But! With `np.array`s we have more flexibility than with lists!

### Indexing by index numbers

We can index passing an array (or a list) of the index values that we want to retrieve!

In [None]:
my_vect = np.random.normal(0, 10, (10))
print(my_vect)
my_vect[[1,2,6]]

### Boolean indexing

Alternatively, we can use arrays of boolean values (with the same shape of the `np.array`)

In [None]:
my_vect = np.random.normal(0, 10, (10))
thr = 5


my_vect[my_vect > thr]  # will select only values above 5

### Indexing for multiple dimensions

We can index over multiple dimensions specifying **comma-separated** indexes along each dimension:

In [None]:
my_mat = np.array([[1,   2,  3,  4, 5],
                   [6,   7,  8,  9, 10],
                   [11, 12, 13, 14, 15]])

my_mat[2, :]

We can use boolean selectors for an axis, as long as the dimension matches:

In [None]:
selector = np.array([True, False, False])
my_mat[selector, :]

In this way, we can check for boolean conditions on the matrix:

In [None]:
my_mat = np.array([[1,   2,  3,  4, 5],
                   [6,   7,  8,  9, 10],
                   [11, 12, 13, 14, 15]])

my_mat[my_mat > 10] = 100

my_mat

this will change the shape of the output!
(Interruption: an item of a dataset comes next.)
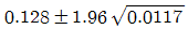 92. 지난 해 C대학 야구팀은 총 77게임을 하였는데 37번의 홈경기에서 26게임을 이긴 반면에 40번의 원정경기에서는 23게임을 이겼다. 홈경기 승률()과 원정경기 승률() 간의 차이에 대한 95% 신뢰구간으로 옳은 것은? (단, 이며, 표준정규분포에서 P(Z≥1.65)=0.05이고 P(Z≥1.96)=0.025 이다.)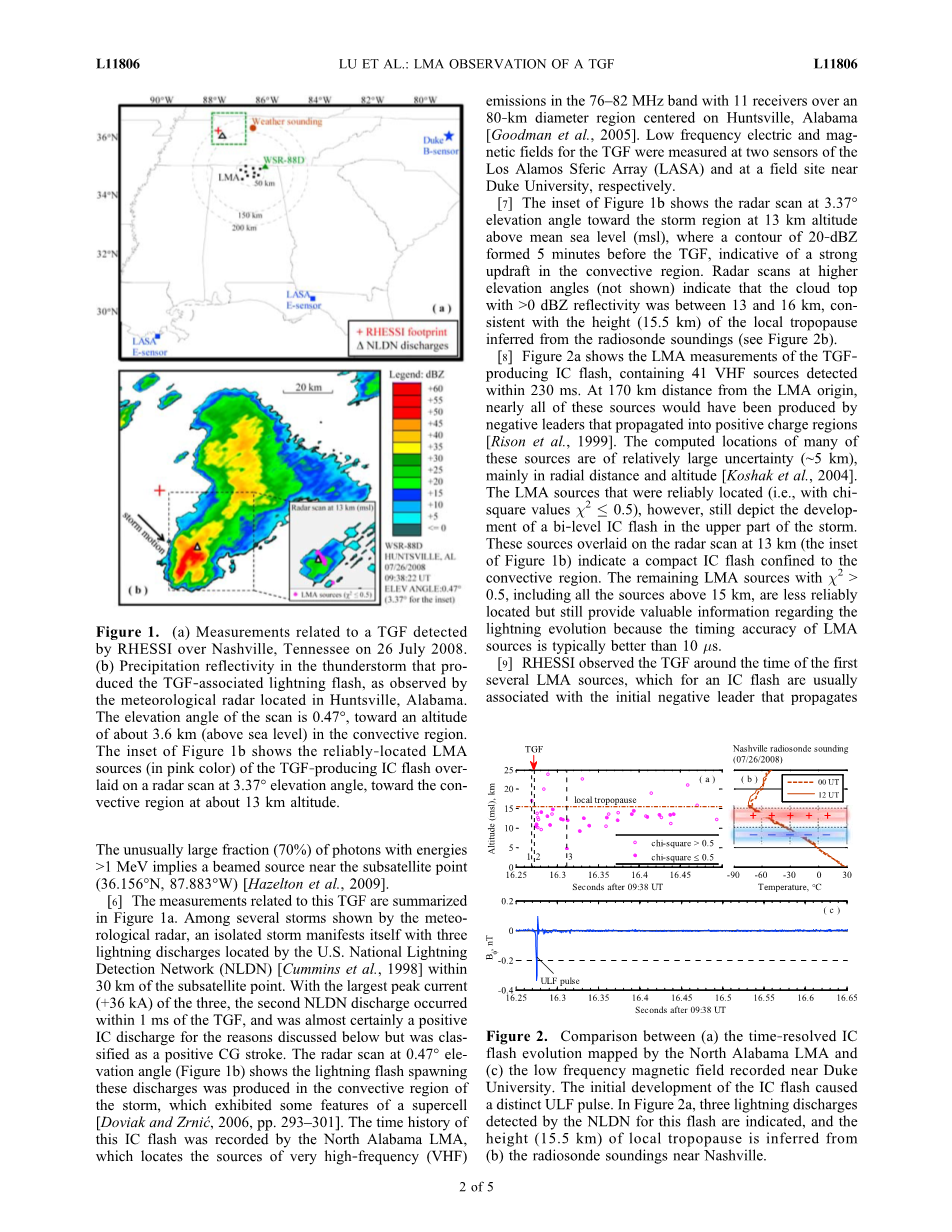 图一(a)给出了和TGF相关的测量结果,在气象雷达所探测的众多风暴中,存在一个美国闪电侦测网(NLDN)定位的孤立的风暴在子卫星的36km的探测范围内的过程中有明显三个闪电放电过程。三个放电过程中的最大值达到( 36KA)。第二次NLDN所探测到的闪电放电出现在TGF产生的1ms之内,在最初这种放电被划分为正地闪,但在随后可以通过多种理由能够确定其应该属于正云闪放电。扫描角为0.47°的雷达的扫描结果表明,产生这种放电的闪电形成于那些有超单体特征的风暴的对流区域。 北阿拉巴马州的闪电图(LMA)记录下了这种云闪的时间过程,LMA能够通过在范围达到直径达到80km的11个接收器在76-82Mhz的波段内定位超高频传输的来源。通过LASA的两个接受器以及杜克大学附近的观测场能够测量出TGF的低频电场以及磁场。

### Mind singleton dimensions!

Arrays can have singleton dimensions - _i.e._ dimensions along which there is a single entry:

In [None]:
my_arr = np.zeros(4)  # this is a 1D array

print(f"{my_arr}; shape: {my_arr.shape}")

In [None]:
my_arr = np.zeros((1,4))  # this is a 2D array with a singleton dimension!
print(f"{my_arr}; shape: {my_arr.shape}")

Sometimes, it can be useful to quickly add a singleton dimension

In [None]:
my_arr = np.zeros(4)  # 1D array
my_arr = my_arr[None,:]  # With None indexing over one dimension, we artificially add a singleton dimension:

print(f"{my_arr}; shape: {my_arr.shape}")

## array views

Indexing operations return views on the original arrays, NOT COPIES! Changing values in the slice we will also alter the original array!

In [None]:
my_mat = np.array([[1,   2,  3,  4, 5],
                   [6,   7,  8,  9, 10],
                   [11, 12, 13, 14, 15]])

a_slice = my_mat[2, :]

a_slice[0] = 100

my_mat

(Practicals 1.0.1)

## Transforming and combining arrays

### `.T`

We can have a transposed view of a matrix with the `.T` attribute (this will reverse the dimensions order if `n_dims>2`):

In [None]:
m = np.ones((3,2))
m_t = m.transpose()

print(m.shape, m_t.shape)

### `.flatten()`

We can flatten all values of an N-dimensional array into a 1D array with the `.flatten()` syntax. This will make a copy of the array!

In [None]:
m = np.ones((3,2,1))
m_flat = m.flatten()

print(m.shape, m_flat.shape)

### `np.concatenate()`

We can concatenate arrays along any dimension by putting them in a list and pass the list to the `np.concatenate()` function:

In [None]:
arr_list = [np.zeros(3), np.ones(3)]

np.concatenate(arr_list) 

By default, we concatenate over the first dimension:

In [None]:
arr_list = [np.zeros((3,2)), np.ones((3,2))]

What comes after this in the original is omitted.